Report: Microsoft-Bungie Buyout Angered Steve Jobs

Apple CEO Steve Jobs was allegedly in a rage about Microsoft’s purchase of Mac game developer Bungie back in 2000, according to former Microsoft executive Ed Fries. In an interview with Develop magazine, Mr. Fries said that he was tasked by Microsoft CEO Steve Ballmer to mollify Mr. Jobs, and a deal was reached to bring Microsoft-published games to the Mac.

“As soon as we announced we bought Bungie, Steve Jobs called,” Mr. Fries told the magazine. “He was mad at [Microsoft CEO Steve] Ballmer and phoned him up and was angry because we’d just bought the premier Mac game developer and made them an Xbox developer.”
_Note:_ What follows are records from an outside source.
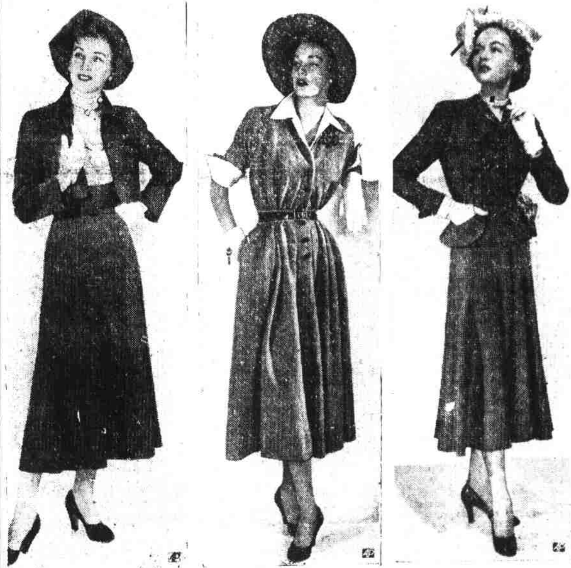
BOLERO COSTUME ... Another top '49 fashion in navy alpaca. Dress has a pink, short-sleeved top. SHIRTWAIST LOOK ... The indispensable casual one-piece dress in pinchecked wool, white pique. THE SILK SUIT ... New and right for spring—jacket and "ress" in navy dotted sarah, from New York.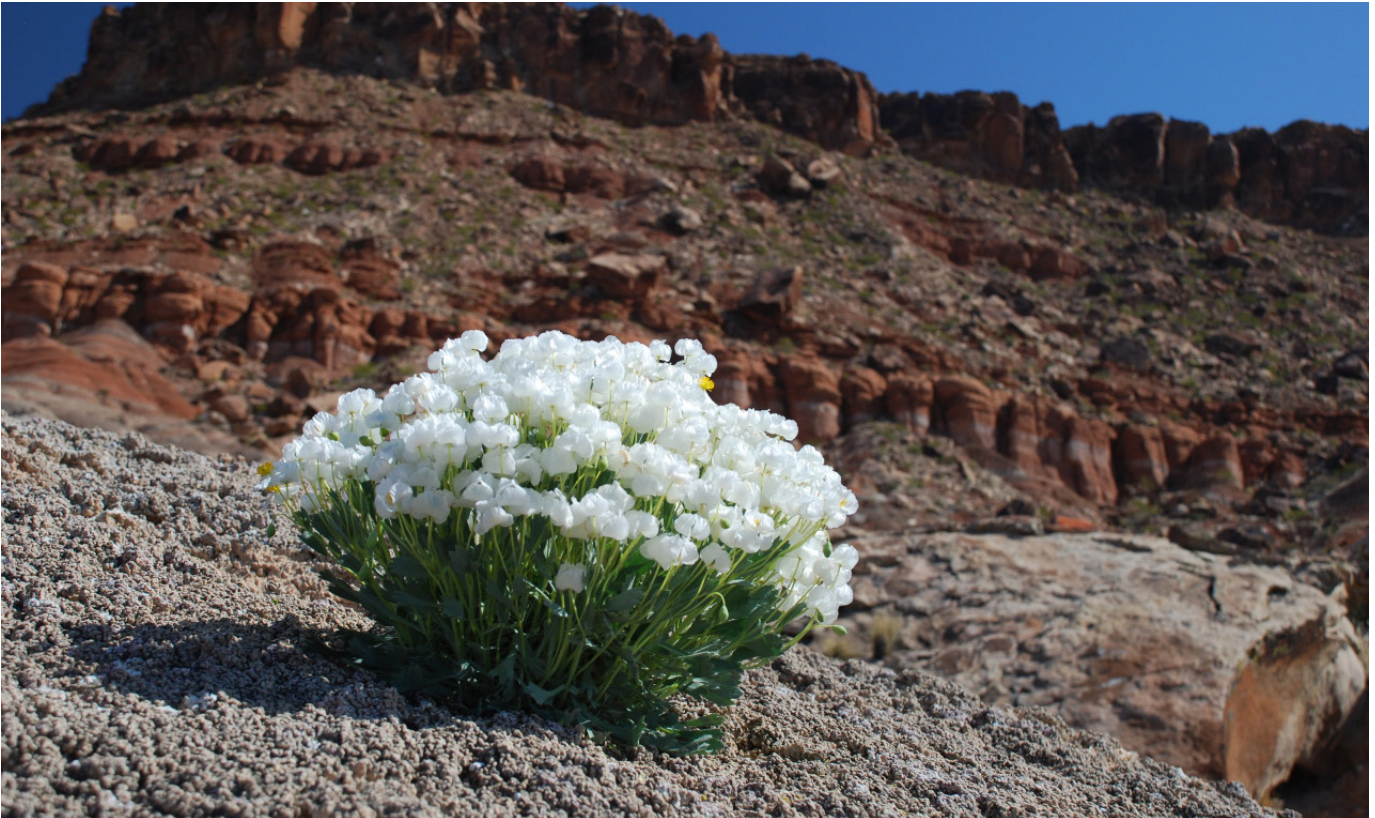
Federal lands support a large variety of ESA-listed and at-risk species, including the dwarf bearclaw poppy. Getting mitigation right on federal lands is crucial to conserving these species.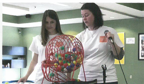
RJE Solutions volunteers spent the day at our Senior Center in West Louisville calling bingo and enjoying time with the participants.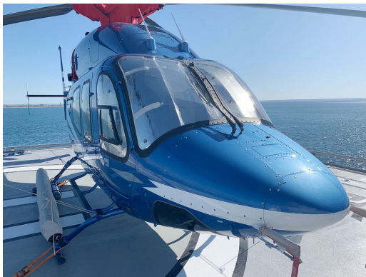
Bell 429 Cockpit HeatShields

Cockpit Heatshields are interior sunshades for the aircraft's cockpit. The product is a unique composite of closed-cell foam with a silver mylar finish. The semi-rigid design is stiff enough to stand inside the window framing. Darts and folds are incorporated into the material so that it conforms to the complex shape of the helicopter windows. The set folds up flat and is easily stored in the included storage sleeve. Some designs may require velcro and suction cups. A Heatshield is an excellent short-term remedy for cockpit overheating, but an external fabric cover is more effective for long-term protection.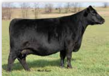
DAMERON NORTHERN MISS 3114 — Granddam of Lots 9-12.

Mr. Fries was then the vice president of game publishing for Microsoft, and a central player in both the Bungie buyout and the purchase of another game development house called Rare.

Bungie was the premier game developer on the Mac platform, with titles such as Marathon, Myth, and Oni being developed for the Mac platform at a time when many developers either fled or ignored the Mac. Halo was to be the company’s next big franchise, and it was shown to the world for the first time running on a Mac during a Stevenote at Macworld New York 1999.
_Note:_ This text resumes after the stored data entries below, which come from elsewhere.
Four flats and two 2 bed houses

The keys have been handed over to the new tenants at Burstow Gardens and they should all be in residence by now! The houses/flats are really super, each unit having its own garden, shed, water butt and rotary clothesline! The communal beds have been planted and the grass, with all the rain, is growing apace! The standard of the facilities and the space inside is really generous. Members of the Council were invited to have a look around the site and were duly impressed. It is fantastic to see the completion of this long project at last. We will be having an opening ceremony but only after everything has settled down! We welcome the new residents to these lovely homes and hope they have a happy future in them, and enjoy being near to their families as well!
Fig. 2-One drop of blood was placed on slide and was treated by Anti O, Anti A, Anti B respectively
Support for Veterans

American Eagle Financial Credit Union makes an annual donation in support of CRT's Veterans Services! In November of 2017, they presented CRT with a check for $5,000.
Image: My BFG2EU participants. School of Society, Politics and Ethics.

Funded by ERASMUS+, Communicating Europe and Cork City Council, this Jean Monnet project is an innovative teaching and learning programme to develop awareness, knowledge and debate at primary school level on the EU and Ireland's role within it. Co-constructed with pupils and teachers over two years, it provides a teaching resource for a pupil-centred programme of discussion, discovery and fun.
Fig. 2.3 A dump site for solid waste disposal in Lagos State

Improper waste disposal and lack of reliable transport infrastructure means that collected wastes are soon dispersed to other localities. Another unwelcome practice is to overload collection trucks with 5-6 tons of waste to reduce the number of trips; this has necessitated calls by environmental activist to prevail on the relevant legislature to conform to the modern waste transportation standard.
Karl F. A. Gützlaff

In July of 2000, Microsoft announced that it had bought Bungie, and that Halo — which had been scheduled for release on both Mac and Windows — would become a premier Xbox title. That was, according to Mr. Fries, when Mr. Jobs started phoning Redmond.
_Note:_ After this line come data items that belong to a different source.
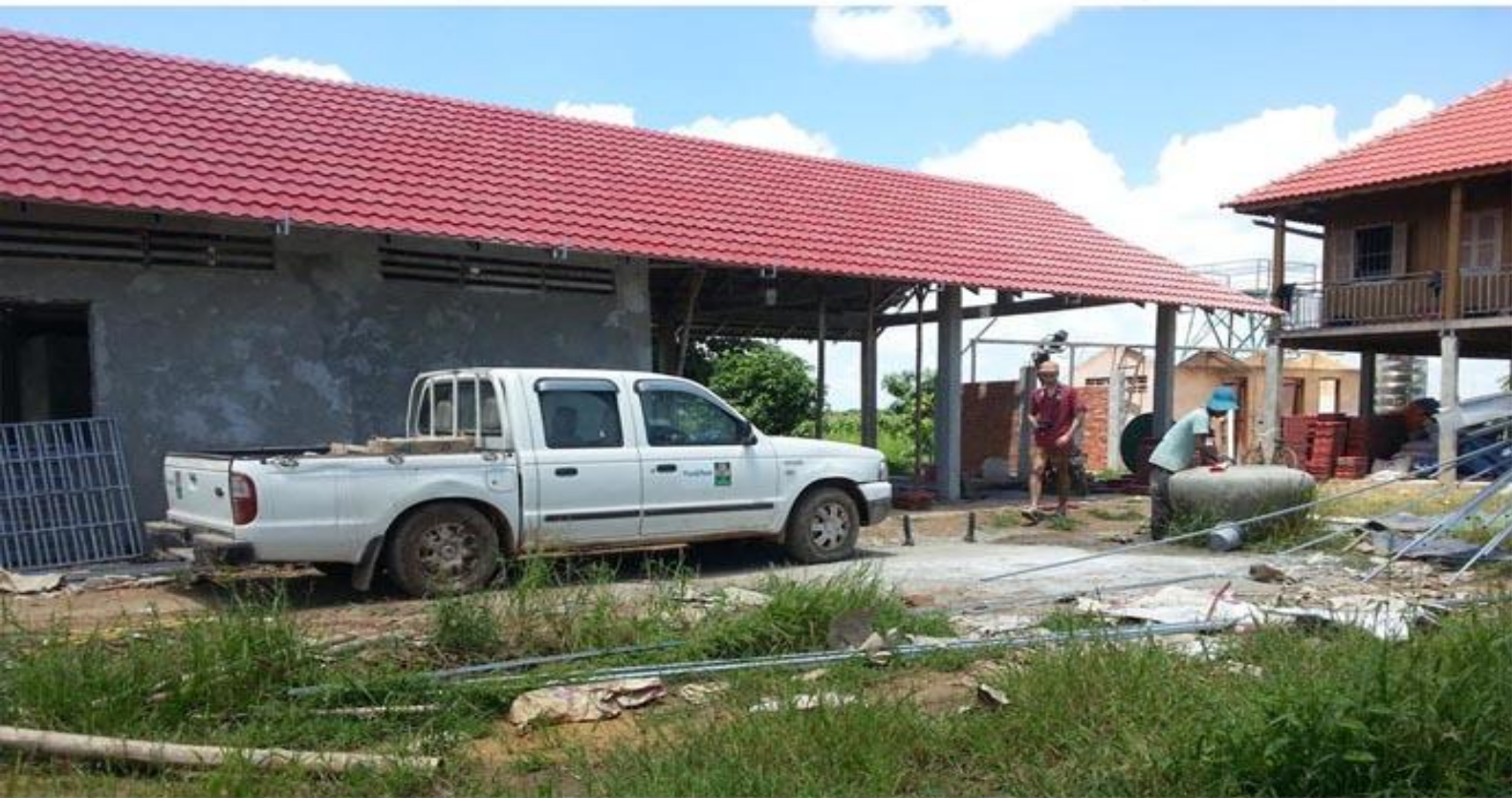
Sa'ang Farm Activities

In Sa'ang farm we grew corn, peanut, sugar cane, and ginger. We have also constructed one building (12m x 6m) for use to storage our crop.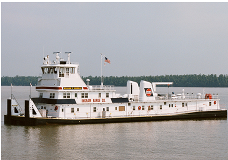
INGRAM BARGE COMPANY M.V. Mark Duley 2 x GE 8L250MDC (Mechanical Propulsion) Inland Marine Tow Boat

Lindblad Excursions has a long term partnership with National Geographic and operates a wide array of Expeditions and Luxury Cruise ships. These vessels take travelers and adventurers into the most remote and pristine parts of the planet including Arctic and Antarctic.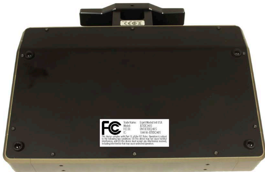
Figure 2: Sample Label Location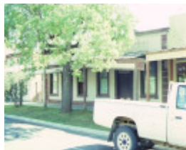
1 former bendigo hotel dunolly front view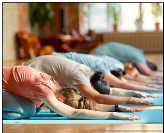
Yoga. Many are practicing yoga. A religious practice?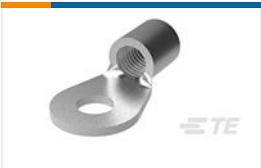
TE Part #33114 TERMINAL,SOLIS R 4 10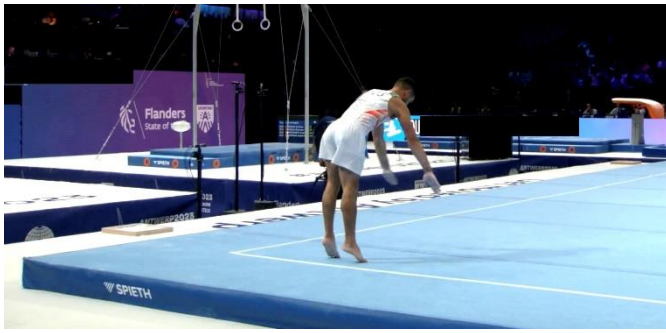
FX - Move camera and zoom

“So, during the day, I got an e-mail from Steve Ballmer asking me to phone Steve Jobs and calm him down about the whole thing,” Mr. Fries said. “Anyway, we did this deal with Apple where we’d port some PC games to the Macintosh and help Peter Tamte create this company to do it, and I had to go to a Mac developer conference and get on stage and talk about this whole new partnership. It was a pretty strange time.”

This is all clearly water under the bridge, of course, but many Mac Bungie fans will likely be interested in knowing that the Microsoft move that many saw as a big blow to Mac gaming was important to Apple CEO Steve Jobs.